=== Information supplied ===

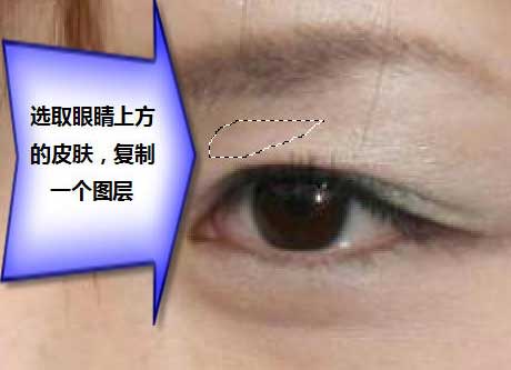 来源:网络 作者:不详 本教程的双眼皮及睫毛的添加不需要自己去画,而是从别的人物眼睛上复制过来,再调整好颜色和大小即可。 原图 最终效果   1、打开原图,把眼睛部分局部放大,用套索工具选取人物眼睛上方的皮肤,复制一个图层。 2、打开下图所示的人物
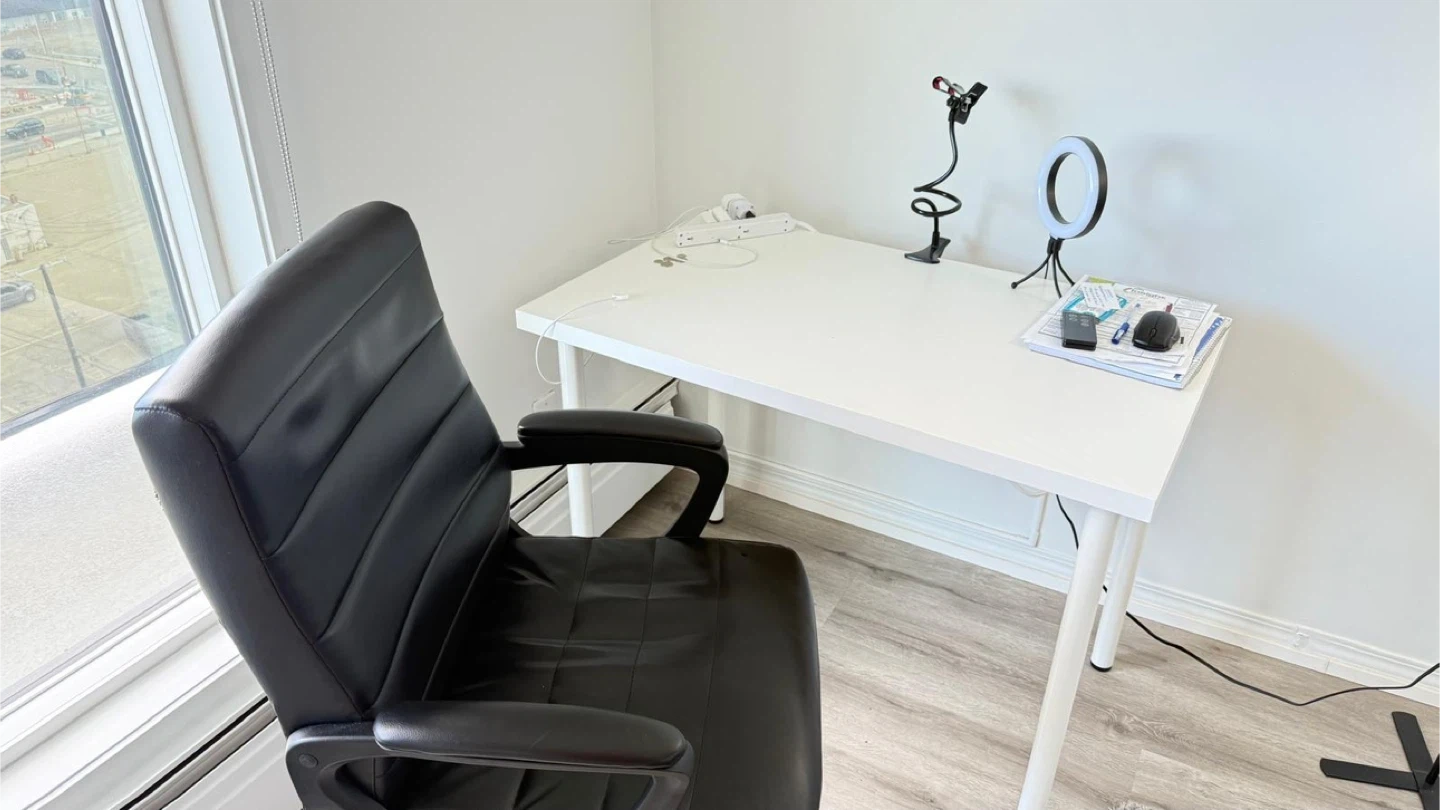 Selling a used office desk and chair set. The desk is white, and the chair is black. Both are in good condition and ready for a new home!
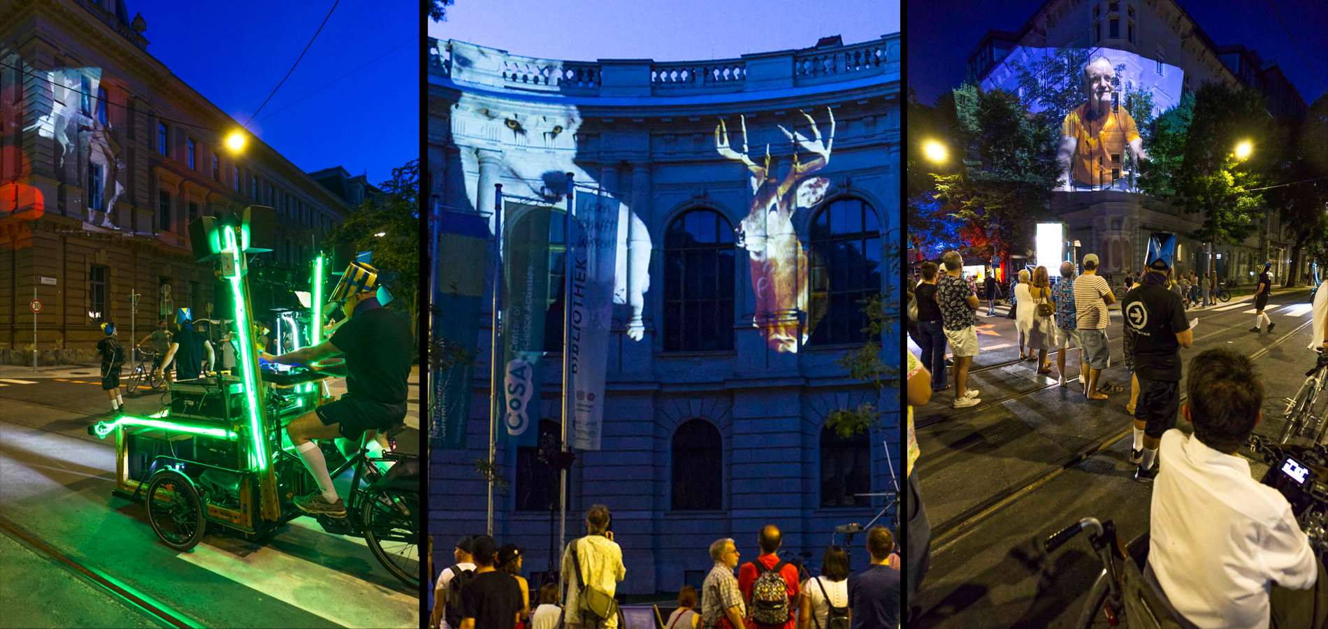 En proximité avec le public, une flotte de vélos cargo customisés déploie un univers visuel monumental sur les façades
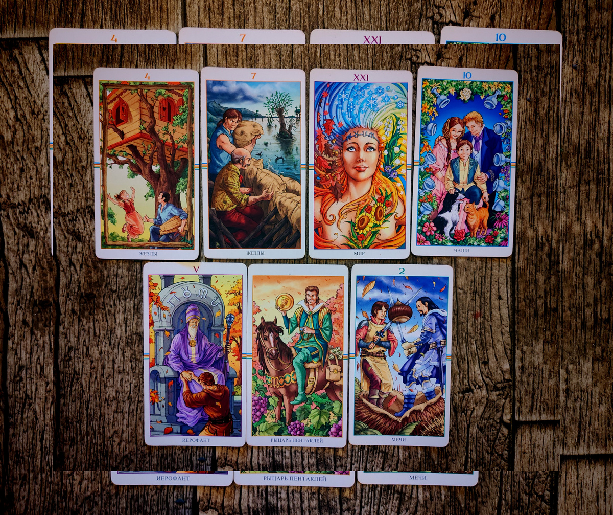 1. Его мысли о тебе. 4 жезлов В его голове у вас счастливые, крепкие и стабильные отношения. Он точно думает о таком сценарии развития, возможно даже строит планы и стратегию, как этого добиться. 2. Его чувства к тебе. 7 жезлов Чувства и эмоции очень сильно накатывают на него, особенно под влиянием, каких либо внешних обстоятельств. Но он старается зпщить себя от внешних триггеров. Видимо потому, что тогда, под влиянием эмоций, начинает рушится привычная, картина мира. 3. Его планы на тебя. 21 старший аркан Мир Он хотел бы закончить тот период, который в вас идёт сейчас и перейти наконец-то на новый этап отношений. 4. Его истинная цель быть с тобой. 10 чаш Одна из самых позитивных карт в колоде. Она говорит о любви, взаимной поддержке, сильных чувствах и крепких отношениях, основанный на сильной эмоциональной связи. Все это он хотел бы иметь именно с тобой. 5. Хорошие моменты в отношениях. 5 старший аркан Иерофант Это тот вариант отношений, когда оба партнёра смогут очень

=== Exercise brief ===
Begin at the first line of the material and copy each line exactly through the one containing "En proximité avec". Omit pictures.

=== Response ===
 来源:网络 作者:不详 本教程的双眼皮及睫毛的添加不需要自己去画,而是从别的人物眼睛上复制过来,再调整好颜色和大小即可。 原图 最终效果   1、打开原图,把眼睛部分局部放大,用套索工具选取人物眼睛上方的皮肤,复制一个图层。 2、打开下图所示的人物
 Selling a used office desk and chair set. The desk is white, and the chair is black. Both are in good condition and ready for a new home!
 En proximité avec le public, une flotte de vélos cargo customisés déploie un univers visuel monumental sur les façades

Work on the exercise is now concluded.